Final answer:
The mean (option a) is the statistical measure most affected by outliers. In a skewed dataset, the median or mode are preferable measures of the center because they are less influenced by extreme values.
Step-by-step explanation:
The statistical observation that is most significantly affected by outliers is the mean. Outliers are extreme values that differ significantly from other observations in the dataset. Since the mean is the arithmetic average of all the numbers in the set, adding a very high or very low outlier will shift the mean significantly more than it would the median or mode.

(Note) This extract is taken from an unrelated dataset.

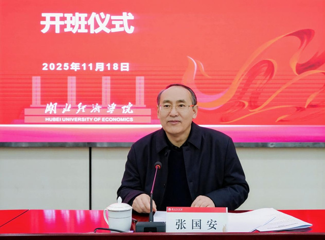 张国安代表学校对出席仪式的领导、学员表示热烈欢迎,并介绍了学校的办学历史、特色、现状及目标。他指出,深刻领悟党的二十届四中全会精神,将全会成果转化为提升财政干部队伍水平的动能,服务支点建设大局,是当前和今后一个时期内的重大政治任务。他希望各位学员将学习成果切实运用到工作中去,为湖北财政工作构建全方位、全过程、全覆盖的绩效管理体系添砖加瓦。

When examining the shape of the data, the median or the mode may give a more appropriate result than the mean if the data is skewed because they are less influenced by extreme values. The median is the middle value that separates the higher half from the lower half of the dataset and is unaffected by the magnitude of outliers, maintaining its position unless the number of observations changes. The mode is the most frequently occurring value in the data and does not change unless the frequency of values changes. By contrast, the standard deviation might also be affected by outliers but in a different way: it measures the amount of variation or dispersion from the mean, so an outlier would increase that dispersion measure.
When choosing an appropriate measure of center for a dataset that is skewed or contains outliers, the median or mode are generally preferred over the mean. This is because the median and mode are more robust to the skewness or extremity of the outliers, providing a better representation of the typical value in such datasets.